Dolphins react to air gun blasts 150 km away?
Last June (2012) marine mammal researchers and stewards around the Pacific Northwest were surprised to learn of seismic research cruises that would use air guns to survey faults and crustal structure on the outer coast of Washington and Oregon. Our concern was that there would be inadequate mitigation of potential acoustic impacts on marine species (particularly southern resident killer whales). It all happened very fast and I never heard much about how it went… until now.
Thanks to John Dorocicz who has been logging acoustic highlights from one of the hydrophones maintained by NEPTUNE Canada near the head of Barkley Canyon, I just had the rare opportunity of hearing airgun blasts in the real ocean — complete with simultaneous vocalization of nearby dolphins. The date and time of the recording match up very well with a cruise track of the R/V Langseth, the research vessel from Columbia University’s Lamont Doherty Earth Observatory.
Here’s where the Barkley Canyon hydrophone is located:
Here’s where marinetraffic.com AIS shows the Langseth was at 8:25 UTC on 2012-07-19, about 175 km south of the hydrophone.
And finally, here is a spectrogram of two seismic blasts recorded at 10:13 on the same day, along with sounds from (likely Pacific White-sided?) dolphins.

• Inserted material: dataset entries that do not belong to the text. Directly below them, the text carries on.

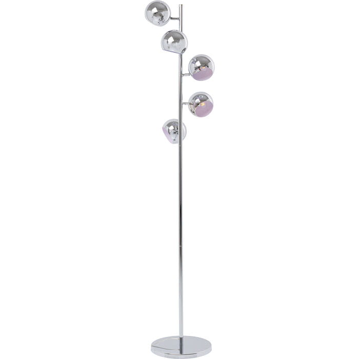 Oryginalna i elegancka lampa, która jest przykładem wzornictwa z lat siedemdziesiątych, ale również harmonijnie dopasuje się do współczesnych stylów wyposażenia - to właśnie lampa podłogowa Calotta Chrome. Model ten pochodzi od renomowanej niemieckiej marki Kare, znanej z najwyższej jakości swoich produktów. Ta czarująca lampa w stylu retro posiada pięć błyszczących kloszy, które możemy dowolnie regulować i dostosować emitowane światło do indywidualnych potrzeb.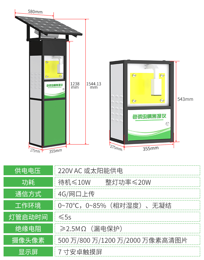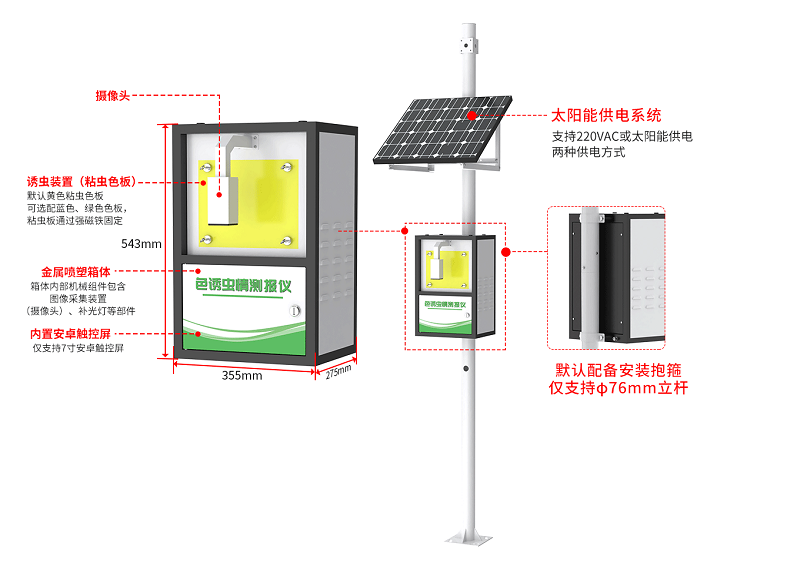 色誘蟲情測報儀主要由“金屬噴塑箱體、安卓主控系統、高清攝像頭、誘蟲裝置(黃/監/綠粘蟲色板)、色板固定裝置、安裝底座(選配)、太陽能供電系統(選配)”等部件組成。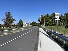 PA 663 was once part of the Steinsburg and Milford Square Turnpike. The turnpike was chartered in March 1858.[6] When Pennsylvania legislated routes in 1911, what is now PA 663 was not given a number.[7] PA 663 was designated in 1930 to run from in U.S. Route 422 (US 422, High Street) in Pottstown north to PA 73 in New Hanover Township. At this time, the entire length of the route was paved, along with the unnumbered road between PA 73 and Quakertown.[2] In 1936, PA 663 was extended north to an intersection with US 309 (now PA 309) and PA 212 (now PA 313) in Quakertown. The route followed its current alignment between PA 73 and Pennsburg before it followed Quakertown Road and Sleepy Hollow Road to Spinnerstown, where it turned east and followed Spinnerstown Road and Milford Square Pike to Quakertown.[8] By 1967, the southern terminus of PA 663 was rerouted to PA 100 in Pottstown, heading west on King Street.[9] In the 1960s, PA 663 was shifted from Milford Square Pike to a new alignment to the north between the Pennsylvania Turnpike Northeast Extension and Quakertown.[10] After construction began in 1973, a new alignment of PA 663 to the south from Pennsburg to the Pennsylvania Turnpike Northeast Extension opened a year later, with the route moved off Quakertown Road, Sleepy Hollow Road, and Spinnerstown Road.[11][12]

Listen to the recording and you’ll notice the low-frequency rumbles of the airgun blasts along with what seems like an increase in dolphin vocalizations (visible as wiggles at 4-6 kHz in the last fifth of the spectrogram). I wonder if these were the first two blasts the dolphins experienced. If so, then the suggestion (made by John initially) that the dolphins are responding to the blasts seems tenable. But were there many blasts before this recording was made? And why wouldn’t they react as much to the first blast in this recording as they seem to react to the second blast?
Regardless of the answers, it is exciting to hear what airguns sound like on Washington’s outer coast at a range of nearly 200 km. The number of marine animals exposed to the sounds of seismic exploration is staggering and begs the question: is the risk of interfering with so many oceanic lives worth knowing more about the subduction zone that may someday rock our west coast cities?